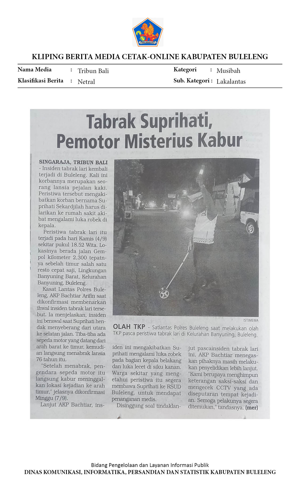 TABRAK SUPRIHATI PEMOTOR MISTERIUS KABUR
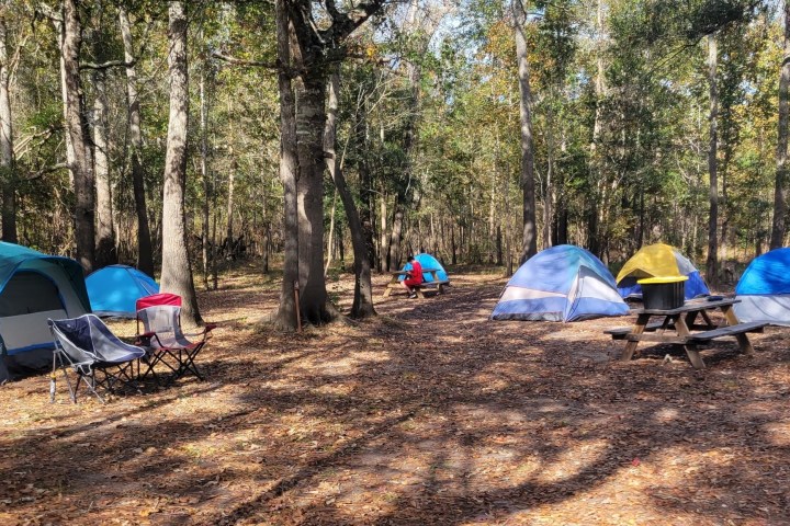 At our Outpost (where you park) we have the following amenities: restrooms, showers/changing rooms, hammocks, swings, stage, picnic tables, propane grills (propane supplied), fridge, ice maker, water dispenser, microwave, coffee maker, sinks and more. Just across the road from our Outpost we have 13 acres of wooded camping areas where your troop can set up camp for the night.
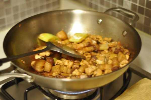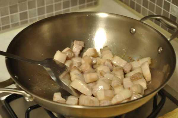 8. 油熱後轉小火倒入五花肉開始煸肉10分鐘左右,這樣防止燉好的五花肉很膩,具體煸肉時間自己把握。
◆ ◆ ◆ ◆ ◆
◆ **What is expected**: Reproduce the material word for word. Any pictures should be left out of the copy.

◆ **Task output**:
 TABRAK SUPRIHATI PEMOTOR MISTERIUS KABUR
 At our Outpost (where you park) we have the following amenities: restrooms, showers/changing rooms, hammocks, swings, stage, picnic tables, propane grills (propane supplied), fridge, ice maker, water dispenser, microwave, coffee maker, sinks and more. Just across the road from our Outpost we have 13 acres of wooded camping areas where your troop can set up camp for the night.
 8. 油熱後轉小火倒入五花肉開始煸肉10分鐘左右,這樣防止燉好的五花肉很膩,具體煸肉時間自己把握。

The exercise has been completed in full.